Concernant la fin de ce verset, la Guemara demande : Que signifie, « car cela est tout l’homme » ? Rabbi Elazar a dit : Le Saint, béni soit-Il, a dit à son sujet : Le monde entier n’a été créé que pour cette personne. C’est la personne ultime pour laquelle toute l’humanité a été créée.
רַבִּי אַבָּא בַּר כָּהֲנָא אָמַר: שָׁקוּל זֶה כְּנֶגֶד כׇּל הָעוֹלָם כּוּלּוֹ, רַבִּי שִׁמְעוֹן בֶּן עַזַּאי אוֹמֵר, וְאָמְרִי לַהּ רַבִּי שִׁמְעוֹן בֶּן זוֹמָא אוֹמֵר: כׇּל הָעוֹלָם כּוּלּוֹ לֹא נִבְרָא אֶלָּא לִצְווֹת לָזֶה.
Rabbi Abba bar Kahana a dit : La fin de ce verset enseigne que cela équivaut au monde entier, à l’homme tout entier.
Rabbi Shimon ben Azzai, et certains disent Rabbi Shimon ben Zoma, dit : Non seulement il équivaut au monde entier, mais le monde entier a été créé pour servir de compagnons pour lui, afin qu’il ait une société dans laquelle vivre et avec laquelle interagir.

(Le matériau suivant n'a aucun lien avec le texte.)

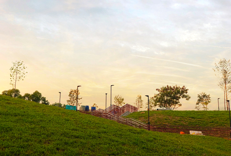 Outdoor staircase with metal railing in a park during sunset

וְאָמַר רַבִּי חֶלְבּוֹ, אָמַר רַב הוּנָא: כׇּל שֶׁיּוֹדֵעַ בַּחֲבֵרוֹ שֶׁהוּא רָגִיל לִיתֵּן לוֹ שָׁלוֹם, יַקְדִּים לוֹ שָׁלוֹם, שֶׁנֶּאֱמַר: ״בַּקֵּשׁ שָׁלוֹם וְרׇדְפֵהוּ״. וְאִם נָתַן לוֹ וְלֹא הֶחֱזִיר — נִקְרָא ״גַּזְלָן״, שֶׁנֶּאֱמַר: ״וְאַתֶּם בִּעַרְתֶּם הַכֶּרֶם גְּזֵלַת הֶעָנִי בְּבָתֵּיכֶם״.
Et Rabbi Ḥelbo a dit que Rav Huna a dit : Celui qui sait qu’une autre personne a l’habitude de le saluer n’est pas seulement tenu de répondre à sa salutation, mais il doit le saluer en premier, comme il est dit : « Recherche la paix et poursuis-la » (Psaumes 34:15). Si l’autre personne lui a adressé sa salutation et qu’il n’a pas répondu, il est appelé un voleur, comme il est dit : « C’est vous qui avez dévoré la vigne, le butin du pauvre est dans vos maisons » (Isaïe 3:14). La seule manière de voler un pauvre qui ne possède rien est de le priver de sa dignité en refusant de répondre à sa salutation.